ASSIGNMENT:
Copy the entries exactly, through the "地产投资拐头向下。从投资来看" line.

___ EXTRACTED DATA ___

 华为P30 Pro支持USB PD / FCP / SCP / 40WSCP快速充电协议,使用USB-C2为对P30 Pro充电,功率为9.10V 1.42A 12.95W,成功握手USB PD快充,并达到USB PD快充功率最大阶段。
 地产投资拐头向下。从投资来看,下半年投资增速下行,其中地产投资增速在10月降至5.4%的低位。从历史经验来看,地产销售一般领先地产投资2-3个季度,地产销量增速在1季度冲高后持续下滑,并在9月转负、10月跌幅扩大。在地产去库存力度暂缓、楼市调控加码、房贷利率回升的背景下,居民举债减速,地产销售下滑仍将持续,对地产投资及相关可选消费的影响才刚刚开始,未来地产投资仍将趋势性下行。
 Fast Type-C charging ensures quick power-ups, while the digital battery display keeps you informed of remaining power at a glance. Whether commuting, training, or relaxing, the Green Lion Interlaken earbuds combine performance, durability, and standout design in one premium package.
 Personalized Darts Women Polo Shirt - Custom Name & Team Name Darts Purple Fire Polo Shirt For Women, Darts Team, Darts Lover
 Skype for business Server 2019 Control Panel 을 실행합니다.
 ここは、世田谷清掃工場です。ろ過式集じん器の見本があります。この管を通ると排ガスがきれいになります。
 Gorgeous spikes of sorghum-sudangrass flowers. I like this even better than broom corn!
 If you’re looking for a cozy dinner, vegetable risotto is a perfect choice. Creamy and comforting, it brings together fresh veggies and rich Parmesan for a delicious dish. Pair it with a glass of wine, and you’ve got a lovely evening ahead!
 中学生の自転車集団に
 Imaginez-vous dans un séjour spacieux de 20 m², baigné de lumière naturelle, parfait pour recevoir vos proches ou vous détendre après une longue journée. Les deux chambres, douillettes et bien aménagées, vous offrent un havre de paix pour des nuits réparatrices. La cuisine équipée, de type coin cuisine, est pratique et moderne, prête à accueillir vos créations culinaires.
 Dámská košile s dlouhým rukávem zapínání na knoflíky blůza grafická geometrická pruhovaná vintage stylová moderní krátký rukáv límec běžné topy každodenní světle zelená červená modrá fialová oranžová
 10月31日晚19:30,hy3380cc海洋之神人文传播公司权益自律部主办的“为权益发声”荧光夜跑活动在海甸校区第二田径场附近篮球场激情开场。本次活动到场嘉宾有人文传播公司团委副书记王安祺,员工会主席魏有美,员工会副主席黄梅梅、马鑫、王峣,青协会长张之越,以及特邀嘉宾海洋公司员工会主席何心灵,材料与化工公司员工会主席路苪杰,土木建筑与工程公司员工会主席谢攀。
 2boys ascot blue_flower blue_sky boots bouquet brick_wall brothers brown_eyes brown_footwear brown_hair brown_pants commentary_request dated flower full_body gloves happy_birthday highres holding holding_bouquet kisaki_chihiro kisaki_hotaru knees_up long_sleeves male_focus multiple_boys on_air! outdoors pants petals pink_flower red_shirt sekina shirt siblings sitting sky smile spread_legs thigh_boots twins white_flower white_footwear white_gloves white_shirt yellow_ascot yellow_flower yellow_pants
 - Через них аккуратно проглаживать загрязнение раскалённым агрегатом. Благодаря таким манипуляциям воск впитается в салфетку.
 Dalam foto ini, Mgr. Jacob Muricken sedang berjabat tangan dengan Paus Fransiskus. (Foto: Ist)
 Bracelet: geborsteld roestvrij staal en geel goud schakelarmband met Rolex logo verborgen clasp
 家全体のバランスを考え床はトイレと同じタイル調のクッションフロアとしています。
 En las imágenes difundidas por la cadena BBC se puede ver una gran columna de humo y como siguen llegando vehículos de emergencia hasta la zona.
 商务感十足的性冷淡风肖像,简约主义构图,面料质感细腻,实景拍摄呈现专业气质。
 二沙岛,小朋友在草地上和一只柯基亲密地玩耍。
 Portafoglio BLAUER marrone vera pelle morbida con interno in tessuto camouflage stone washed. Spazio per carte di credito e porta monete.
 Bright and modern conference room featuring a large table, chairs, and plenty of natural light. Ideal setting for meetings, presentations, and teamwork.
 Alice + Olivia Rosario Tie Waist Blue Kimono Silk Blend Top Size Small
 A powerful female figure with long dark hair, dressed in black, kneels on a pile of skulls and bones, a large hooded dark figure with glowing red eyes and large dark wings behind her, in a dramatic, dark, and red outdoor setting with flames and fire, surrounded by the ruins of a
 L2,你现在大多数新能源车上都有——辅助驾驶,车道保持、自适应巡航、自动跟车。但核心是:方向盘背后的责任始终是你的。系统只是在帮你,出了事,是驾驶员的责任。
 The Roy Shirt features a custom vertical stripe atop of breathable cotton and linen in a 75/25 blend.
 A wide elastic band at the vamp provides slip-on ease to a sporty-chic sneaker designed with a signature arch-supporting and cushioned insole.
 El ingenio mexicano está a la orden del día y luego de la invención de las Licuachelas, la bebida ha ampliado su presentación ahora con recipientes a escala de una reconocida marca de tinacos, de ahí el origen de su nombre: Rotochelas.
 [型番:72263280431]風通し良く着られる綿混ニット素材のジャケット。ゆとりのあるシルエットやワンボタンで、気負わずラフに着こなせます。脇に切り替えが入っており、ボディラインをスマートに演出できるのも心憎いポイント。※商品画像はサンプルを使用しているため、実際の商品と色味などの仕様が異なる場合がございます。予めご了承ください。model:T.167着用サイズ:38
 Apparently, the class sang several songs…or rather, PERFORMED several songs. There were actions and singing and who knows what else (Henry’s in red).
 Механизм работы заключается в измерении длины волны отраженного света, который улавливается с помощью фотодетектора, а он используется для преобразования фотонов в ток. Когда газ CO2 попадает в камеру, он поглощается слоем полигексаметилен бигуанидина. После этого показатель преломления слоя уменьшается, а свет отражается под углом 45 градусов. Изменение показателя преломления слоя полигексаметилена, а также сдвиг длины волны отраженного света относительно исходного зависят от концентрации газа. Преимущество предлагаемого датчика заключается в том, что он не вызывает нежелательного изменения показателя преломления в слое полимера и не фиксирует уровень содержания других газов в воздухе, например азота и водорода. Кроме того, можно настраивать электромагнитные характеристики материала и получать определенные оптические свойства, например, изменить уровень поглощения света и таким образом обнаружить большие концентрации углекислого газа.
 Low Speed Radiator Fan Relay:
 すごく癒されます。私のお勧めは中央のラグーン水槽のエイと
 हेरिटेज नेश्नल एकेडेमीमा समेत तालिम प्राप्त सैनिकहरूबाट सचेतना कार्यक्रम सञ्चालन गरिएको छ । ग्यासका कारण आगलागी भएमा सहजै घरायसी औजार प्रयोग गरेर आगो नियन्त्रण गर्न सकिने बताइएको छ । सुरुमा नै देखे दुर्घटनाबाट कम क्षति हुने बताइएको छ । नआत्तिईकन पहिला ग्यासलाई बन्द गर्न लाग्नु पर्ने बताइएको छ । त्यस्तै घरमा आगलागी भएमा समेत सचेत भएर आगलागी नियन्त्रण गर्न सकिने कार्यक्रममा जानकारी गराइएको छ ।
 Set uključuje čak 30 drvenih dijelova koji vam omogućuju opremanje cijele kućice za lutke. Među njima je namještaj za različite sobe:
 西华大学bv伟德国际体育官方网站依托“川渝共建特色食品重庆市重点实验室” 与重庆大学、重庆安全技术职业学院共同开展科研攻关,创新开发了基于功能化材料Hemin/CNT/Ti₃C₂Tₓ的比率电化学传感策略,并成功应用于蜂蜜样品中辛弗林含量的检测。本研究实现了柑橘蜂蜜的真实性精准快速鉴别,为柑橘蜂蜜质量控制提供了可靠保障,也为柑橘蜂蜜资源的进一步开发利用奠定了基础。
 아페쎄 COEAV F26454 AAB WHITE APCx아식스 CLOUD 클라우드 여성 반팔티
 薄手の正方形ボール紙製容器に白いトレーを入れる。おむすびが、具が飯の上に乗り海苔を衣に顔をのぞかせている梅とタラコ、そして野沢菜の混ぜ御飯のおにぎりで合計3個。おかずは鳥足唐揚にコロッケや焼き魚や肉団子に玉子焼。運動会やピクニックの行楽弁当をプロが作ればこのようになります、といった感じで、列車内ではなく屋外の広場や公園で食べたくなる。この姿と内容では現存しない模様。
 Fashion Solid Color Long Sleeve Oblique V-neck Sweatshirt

___

ANSWER:
 华为P30 Pro支持USB PD / FCP / SCP / 40WSCP快速充电协议,使用USB-C2为对P30 Pro充电,功率为9.10V 1.42A 12.95W,成功握手USB PD快充,并达到USB PD快充功率最大阶段。
 地产投资拐头向下。从投资来看,下半年投资增速下行,其中地产投资增速在10月降至5.4%的低位。从历史经验来看,地产销售一般领先地产投资2-3个季度,地产销量增速在1季度冲高后持续下滑,并在9月转负、10月跌幅扩大。在地产去库存力度暂缓、楼市调控加码、房贷利率回升的背景下,居民举债减速,地产销售下滑仍将持续,对地产投资及相关可选消费的影响才刚刚开始,未来地产投资仍将趋势性下行。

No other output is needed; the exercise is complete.